* [EXERCISE REQUIREMENTS]:
When you reach the line in the data below that contains "質子交換膜燃料電池的組成示意圖", please start repeating lines exactly, and stop after the line that contains "性感蕾丝超薄款透明无垫半杯乳罩文胸套装", repeating nothing else.

DATA LISTING: Begin

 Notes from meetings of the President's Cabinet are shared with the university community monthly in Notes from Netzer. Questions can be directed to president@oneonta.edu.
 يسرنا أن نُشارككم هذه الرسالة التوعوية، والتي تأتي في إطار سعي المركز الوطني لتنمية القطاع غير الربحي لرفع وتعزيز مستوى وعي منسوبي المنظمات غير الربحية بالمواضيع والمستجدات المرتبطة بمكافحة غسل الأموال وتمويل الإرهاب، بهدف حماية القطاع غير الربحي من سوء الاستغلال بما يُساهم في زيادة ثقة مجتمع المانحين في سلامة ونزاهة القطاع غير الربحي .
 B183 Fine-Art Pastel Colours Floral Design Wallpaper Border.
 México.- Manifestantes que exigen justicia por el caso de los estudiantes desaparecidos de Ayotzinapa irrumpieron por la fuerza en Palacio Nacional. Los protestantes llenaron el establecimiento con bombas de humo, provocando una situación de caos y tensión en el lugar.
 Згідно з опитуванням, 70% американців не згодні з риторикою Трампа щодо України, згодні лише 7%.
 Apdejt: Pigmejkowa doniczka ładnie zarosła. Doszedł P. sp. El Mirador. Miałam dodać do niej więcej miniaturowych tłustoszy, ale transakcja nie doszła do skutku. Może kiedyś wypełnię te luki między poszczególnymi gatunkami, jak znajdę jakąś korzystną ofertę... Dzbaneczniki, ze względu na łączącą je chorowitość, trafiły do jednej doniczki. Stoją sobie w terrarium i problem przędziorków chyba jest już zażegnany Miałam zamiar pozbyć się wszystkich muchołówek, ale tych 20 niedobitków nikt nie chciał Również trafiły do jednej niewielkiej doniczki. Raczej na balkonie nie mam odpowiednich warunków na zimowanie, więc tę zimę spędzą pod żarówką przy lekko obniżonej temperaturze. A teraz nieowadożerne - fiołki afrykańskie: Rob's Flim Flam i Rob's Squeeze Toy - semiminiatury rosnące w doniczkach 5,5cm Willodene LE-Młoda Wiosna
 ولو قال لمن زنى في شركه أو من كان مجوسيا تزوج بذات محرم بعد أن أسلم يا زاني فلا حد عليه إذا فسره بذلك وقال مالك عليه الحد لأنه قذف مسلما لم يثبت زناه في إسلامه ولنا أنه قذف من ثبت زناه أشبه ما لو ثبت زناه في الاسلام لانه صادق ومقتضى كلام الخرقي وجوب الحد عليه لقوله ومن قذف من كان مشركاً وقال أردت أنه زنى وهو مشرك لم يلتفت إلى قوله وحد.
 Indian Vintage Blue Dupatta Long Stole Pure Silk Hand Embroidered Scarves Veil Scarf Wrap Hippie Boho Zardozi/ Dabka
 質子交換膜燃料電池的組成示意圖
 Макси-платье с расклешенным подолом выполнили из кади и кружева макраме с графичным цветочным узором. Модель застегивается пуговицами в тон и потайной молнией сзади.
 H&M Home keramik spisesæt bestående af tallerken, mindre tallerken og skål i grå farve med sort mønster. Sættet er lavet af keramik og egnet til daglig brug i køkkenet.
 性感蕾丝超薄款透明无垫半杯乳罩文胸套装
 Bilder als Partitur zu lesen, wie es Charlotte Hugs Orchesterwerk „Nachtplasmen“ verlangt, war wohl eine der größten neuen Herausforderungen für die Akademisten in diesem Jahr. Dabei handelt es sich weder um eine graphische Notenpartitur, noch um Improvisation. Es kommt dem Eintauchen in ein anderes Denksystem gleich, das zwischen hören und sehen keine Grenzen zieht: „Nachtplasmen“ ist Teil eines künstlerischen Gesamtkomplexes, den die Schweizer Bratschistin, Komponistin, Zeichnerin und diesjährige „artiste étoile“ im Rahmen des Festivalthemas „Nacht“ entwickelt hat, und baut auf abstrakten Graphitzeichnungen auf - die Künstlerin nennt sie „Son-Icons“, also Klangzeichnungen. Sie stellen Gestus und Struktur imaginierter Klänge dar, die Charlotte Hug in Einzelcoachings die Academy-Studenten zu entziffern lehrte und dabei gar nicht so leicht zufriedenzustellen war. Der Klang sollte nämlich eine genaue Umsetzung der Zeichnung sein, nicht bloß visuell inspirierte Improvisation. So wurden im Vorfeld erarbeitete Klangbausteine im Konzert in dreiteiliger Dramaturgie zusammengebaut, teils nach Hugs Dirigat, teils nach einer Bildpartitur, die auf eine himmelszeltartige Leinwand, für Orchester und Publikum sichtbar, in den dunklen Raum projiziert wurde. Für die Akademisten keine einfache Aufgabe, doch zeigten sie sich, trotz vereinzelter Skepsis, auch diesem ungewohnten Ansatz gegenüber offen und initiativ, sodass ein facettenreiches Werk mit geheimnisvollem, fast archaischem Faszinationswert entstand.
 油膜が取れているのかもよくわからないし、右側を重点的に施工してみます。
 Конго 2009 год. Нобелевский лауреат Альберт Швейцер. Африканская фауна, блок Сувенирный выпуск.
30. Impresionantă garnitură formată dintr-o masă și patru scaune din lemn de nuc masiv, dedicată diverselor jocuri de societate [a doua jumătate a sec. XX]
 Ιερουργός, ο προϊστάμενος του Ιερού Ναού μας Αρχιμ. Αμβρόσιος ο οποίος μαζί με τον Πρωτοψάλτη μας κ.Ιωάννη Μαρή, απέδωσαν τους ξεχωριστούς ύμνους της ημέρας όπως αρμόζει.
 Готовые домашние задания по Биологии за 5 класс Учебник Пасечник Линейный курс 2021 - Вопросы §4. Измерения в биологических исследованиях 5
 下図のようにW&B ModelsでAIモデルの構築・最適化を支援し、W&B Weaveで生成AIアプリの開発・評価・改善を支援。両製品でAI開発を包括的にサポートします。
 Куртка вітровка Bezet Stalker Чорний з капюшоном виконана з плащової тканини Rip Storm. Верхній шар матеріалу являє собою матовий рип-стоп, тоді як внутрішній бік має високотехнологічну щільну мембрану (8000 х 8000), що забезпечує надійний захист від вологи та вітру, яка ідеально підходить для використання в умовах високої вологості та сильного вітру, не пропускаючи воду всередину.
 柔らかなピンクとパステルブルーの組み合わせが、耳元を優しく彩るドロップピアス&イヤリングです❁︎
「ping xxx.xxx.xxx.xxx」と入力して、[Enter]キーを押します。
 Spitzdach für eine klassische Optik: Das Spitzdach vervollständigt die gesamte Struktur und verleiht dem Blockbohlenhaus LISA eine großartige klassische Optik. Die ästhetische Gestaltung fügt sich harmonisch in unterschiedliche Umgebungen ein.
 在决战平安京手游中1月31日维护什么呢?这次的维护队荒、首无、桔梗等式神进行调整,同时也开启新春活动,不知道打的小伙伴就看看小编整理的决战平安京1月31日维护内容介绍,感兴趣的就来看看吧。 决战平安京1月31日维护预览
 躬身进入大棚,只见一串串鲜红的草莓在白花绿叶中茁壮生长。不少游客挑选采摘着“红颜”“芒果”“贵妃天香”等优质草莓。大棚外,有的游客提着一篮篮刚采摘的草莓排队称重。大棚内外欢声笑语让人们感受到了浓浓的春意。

DATA LISTING: End

* [REPLY]:
 質子交換膜燃料電池的組成示意圖
 Макси-платье с расклешенным подолом выполнили из кади и кружева макраме с графичным цветочным узором. Модель застегивается пуговицами в тон и потайной молнией сзади.
 H&M Home keramik spisesæt bestående af tallerken, mindre tallerken og skål i grå farve med sort mønster. Sættet er lavet af keramik og egnet til daglig brug i køkkenet.
 性感蕾丝超薄款透明无垫半杯乳罩文胸套装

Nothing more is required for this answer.